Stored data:
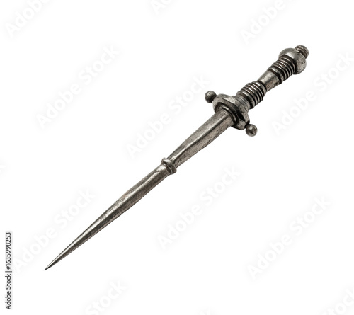 Historical action ancient dagger displayed in museum artefact culture isolated on transparent background, png
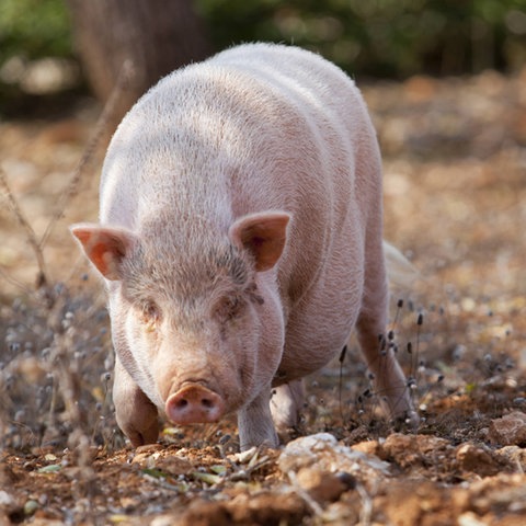 Ein Köhler dichtet einen schwelenden Holzkohlenmeiler ab
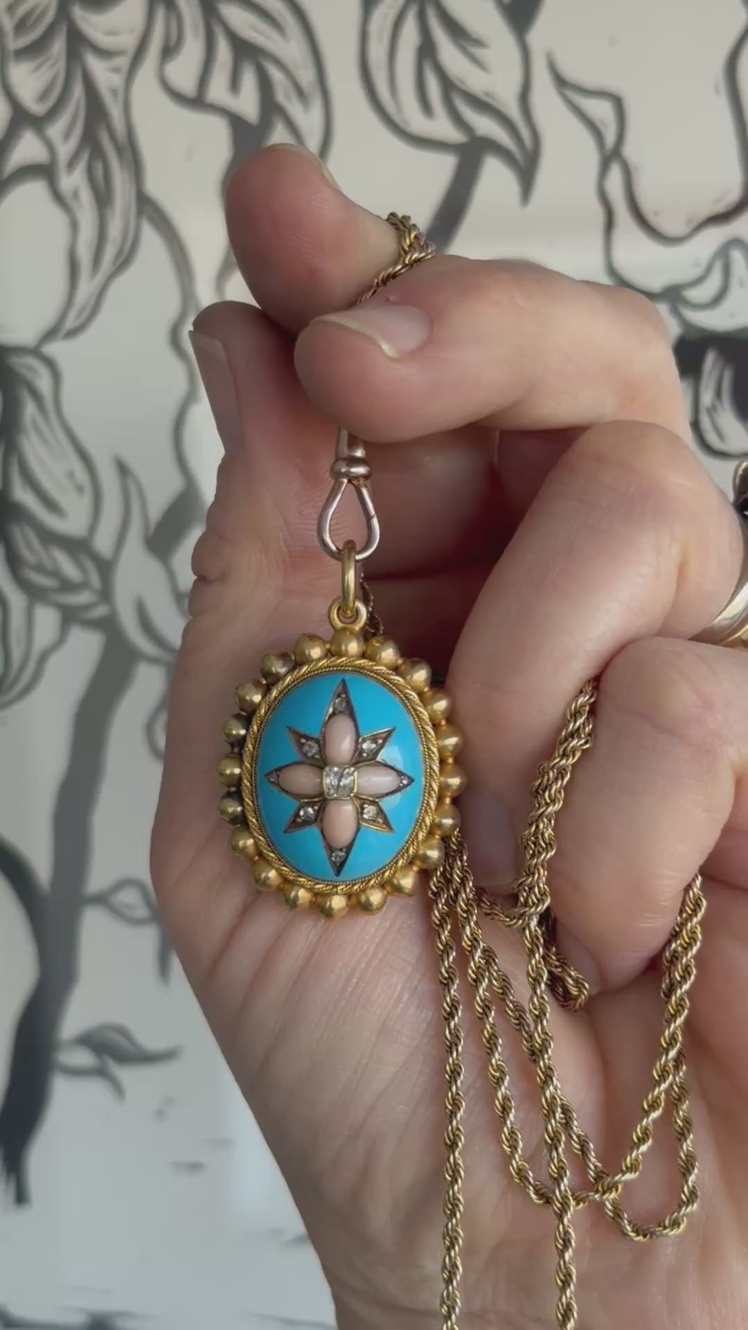 The captivating starburst design is gemstone set with 4 light pink Angel Coral cabochons radiating outwards from a central cushion cut diamond and with 8 diamond set star points. The border of this high rise, enamel detailed locket is an Etruscan style gold bubble frame with a fine twisted rope border cuff lying on the inside of the frame.
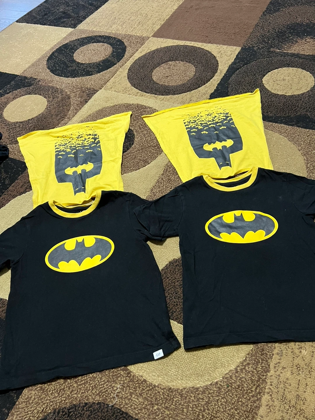 Selling four Batman t-shirts from Gap Kids! Two are black with the yellow Batman logo, and two are yellow with a black Batman design. Great for any young Batman fan
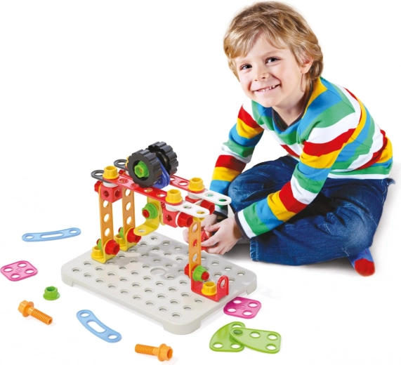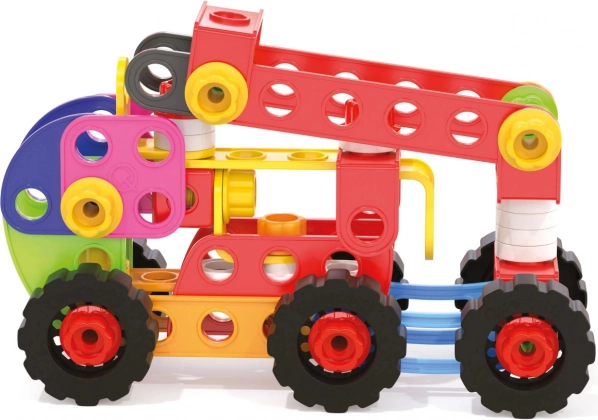 De klare farver motiverer til kreativ leg og støtter finmotorik, logisk tænkning og teknisk forståelse hos børn fra 3 år.
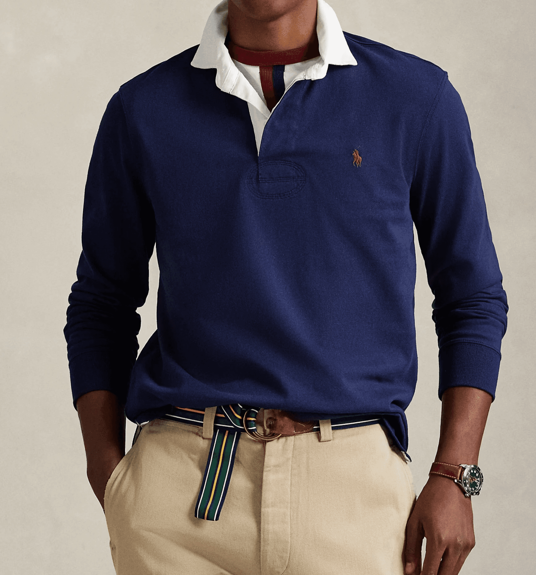 애슬레틱 디테일과 유행을 타지 않는 디자인이 어우러진 아이코닉 럭비 셔츠입니다. 여러번 입어도 튼튼한 내구성 있는 코튼 저지 소재로 데일리 룩을 완성해보세요
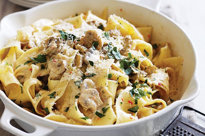 Drain pappardelle and return to the hot saucepan, reserving ¼ cup of the pasta water. Whisk the cream, eggs and reserved pasta water in a jug with a fork until well combined, then add to the hot pasta with the mushrooms and half the parmesan.
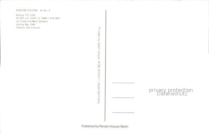 Flugzeuge Zivil Somali Airlines Boeing 707-330B 60-SBS c/n 19315 postalisch nicht gelaufen Erhaltung siehe scans
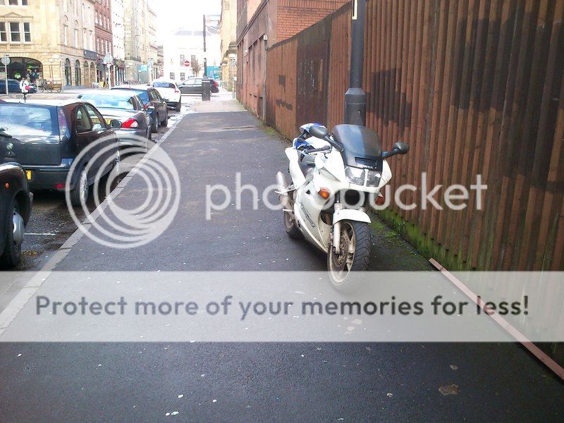 A few days after I moved back to Glasgow I couldn't find any parking bays for bikes, so thought my bike would have been safe enough on the pavement, I came back 12 minutes later and there was a parking ticket on it:
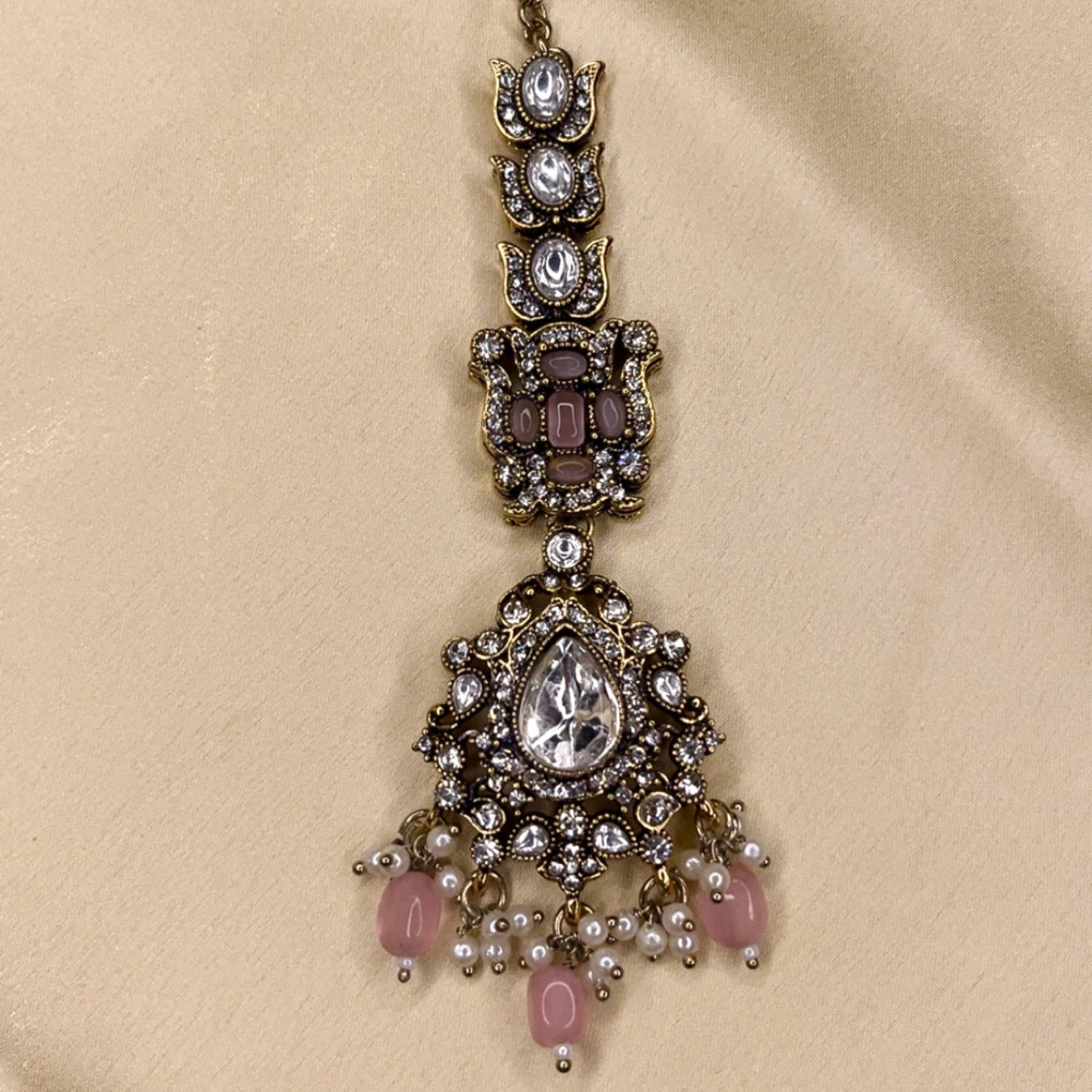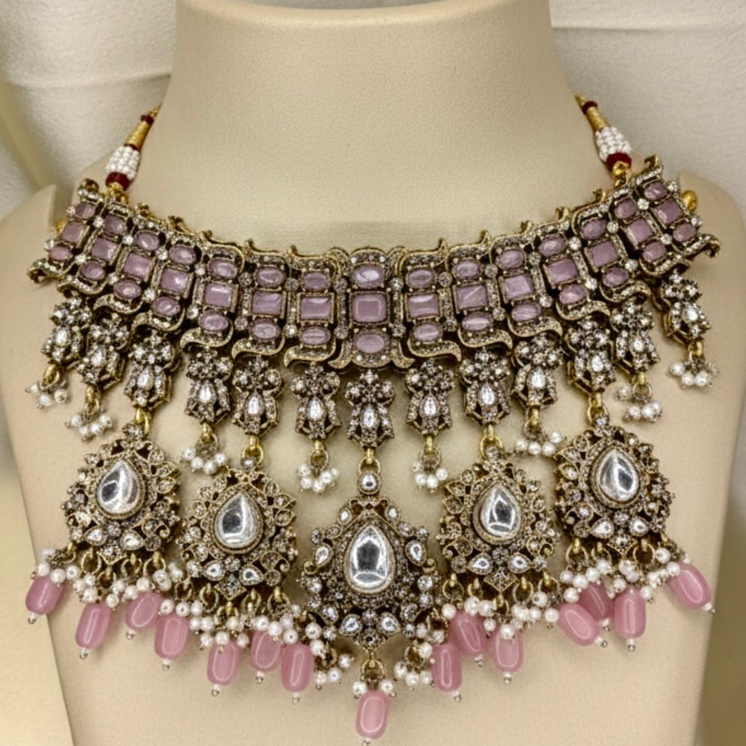 A statement of timeless royalty, the Noor Kundan Necklace is exquisitely handcrafted to celebrate traditional Indian artistry. his necklace is adorned with shimmering crystal accents and graceful pearl clusters. The lower edge showcases elegant teardrop motifs with mirror-cut stones, finished with delicate bead drops that add movement and charm.
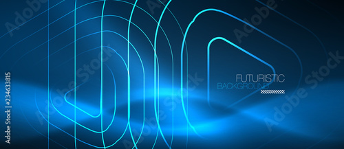 Neon glowing techno lines, hi-tech futuristic abstract background template with geometric shapes

# What is being asked
Exactly as they appear above, write out all the entries, without pictures.

# Your solution
 Historical action ancient dagger displayed in museum artefact culture isolated on transparent background, png
 Ein Köhler dichtet einen schwelenden Holzkohlenmeiler ab
 The captivating starburst design is gemstone set with 4 light pink Angel Coral cabochons radiating outwards from a central cushion cut diamond and with 8 diamond set star points. The border of this high rise, enamel detailed locket is an Etruscan style gold bubble frame with a fine twisted rope border cuff lying on the inside of the frame.
 Selling four Batman t-shirts from Gap Kids! Two are black with the yellow Batman logo, and two are yellow with a black Batman design. Great for any young Batman fan
 De klare farver motiverer til kreativ leg og støtter finmotorik, logisk tænkning og teknisk forståelse hos børn fra 3 år.
 애슬레틱 디테일과 유행을 타지 않는 디자인이 어우러진 아이코닉 럭비 셔츠입니다. 여러번 입어도 튼튼한 내구성 있는 코튼 저지 소재로 데일리 룩을 완성해보세요
 Drain pappardelle and return to the hot saucepan, reserving ¼ cup of the pasta water. Whisk the cream, eggs and reserved pasta water in a jug with a fork until well combined, then add to the hot pasta with the mushrooms and half the parmesan.
 Flugzeuge Zivil Somali Airlines Boeing 707-330B 60-SBS c/n 19315 postalisch nicht gelaufen Erhaltung siehe scans
 A few days after I moved back to Glasgow I couldn't find any parking bays for bikes, so thought my bike would have been safe enough on the pavement, I came back 12 minutes later and there was a parking ticket on it:
 A statement of timeless royalty, the Noor Kundan Necklace is exquisitely handcrafted to celebrate traditional Indian artistry. his necklace is adorned with shimmering crystal accents and graceful pearl clusters. The lower edge showcases elegant teardrop motifs with mirror-cut stones, finished with delicate bead drops that add movement and charm.
 Neon glowing techno lines, hi-tech futuristic abstract background template with geometric shapes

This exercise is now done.